The common rebuttal is that since all this pathology is happening despite drugs being illegal, drug legalization clearly doesn’t work. But this ignores that drug prohibition actually does more or less work for most communities. I can walk around my city without ever being tempted to buy heroin. My corner CVS does not sell speed balls next to candy at the front counter. As a result, most people do not face frequent temptation to use drugs, most people do not find it easy to locate drugs, and most people do not use drugs.

So how should the laws be reformed to create a sane drug policy?

The solution is quite simple. Legalize all drugs, but make them hard to obtain. The government auctions off a limited number of drug selling licenses at a steep price. The sellers are only permitted to sell drugs privately to licensed consumers. Limit the total quantity that can be sold to a fixed amount. All public advertising and public selling of drugs is banned. Drug dealers should not even be allowed to operate public web sites or list themselves in the phone book. Since the ban only restricts public transactions and promotion, the ban is easy to enforce. When drug consumers buy their drug license, they receive access to a private web site where they can find listings of the drug sellers. The consumer orders online or over the phone, and then picks up the drugs from the seller’s private, unmarked office.

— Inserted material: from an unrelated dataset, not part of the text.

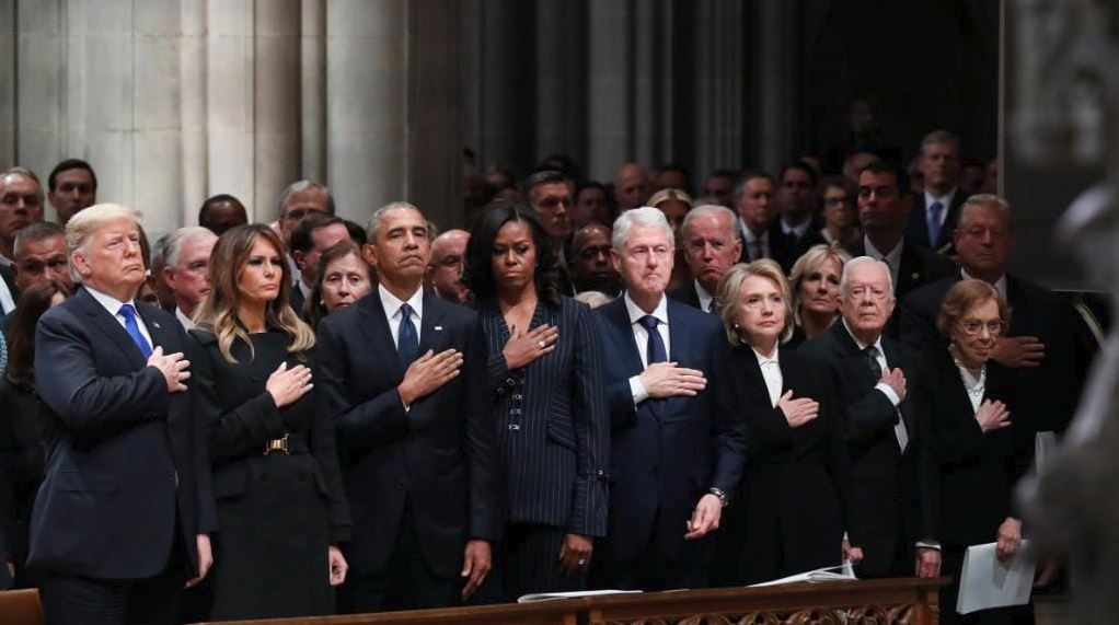 The congregation at the cathedral, filled with foreign leaders and diplomats, Americans of high office and others touched by Bush’s life, rose for the arrival of the casket, accompanied by clergy of faiths from around the world. In their row together, President Donald Trump and former Presidents Barack Obama, Jimmy Carter and Bill Clinton stood with their spouses and all placed their hands over their hearts.

The difficulty of obtaining a drug consumption license should vary depending on the drug involved. A marijuana license might be available from city hall, and cost either $300 or 10 hours of community labor. To obtain a morphine license, the consumer might have to travel to a nondescript office in an out-of-the-way location, and watch the final fifteen minutes of “Requiem for a dream” over and over again in a loop for four hours. The morphine license might cost either $2000 or 50 hours of community labor.

The government taxes and regulates the drug market to limit addictiveness, cheapness, and danger to the consumer. All government drug revenue is dedicated to a blind charitable trust, so that the government is not tempted to promote drug use to increase revenue.

The hurdles to buying a drug consumption license are tailored to be as burdensome as possible, without being so onerous that a black market sprouts up. When the policy is first created, the burdens might be on the lighter side. This would draw consumer away from the streets and suck the money out the black markets, causing the black markets to collapse. Once the black markets had disappeared, the burdens to getting a license would be raised considerably. The government could actually make it more difficult to buy drugs legally than it originally had been to buy in the black markets. But because the black markets have been destroyed, sellers trying to start new black markets will find the task immensely difficult. Without the presence of hundreds or thousands of other black market sellers diluting the effectiveness of law enforcement, any new black market sellers will find themselves provoking the full brunt of law enforcement.

The net result of this policy is best of both worlds. The black markets are shut down and the turf wars brought to an end. But ordinary folk find it even more difficult to obtain the most destructive narcotics.

Unfortunately, no one in power or running for office has ever proposed such a scheme. Thus our real problem is not just an insane drug policy, but also an insane political system.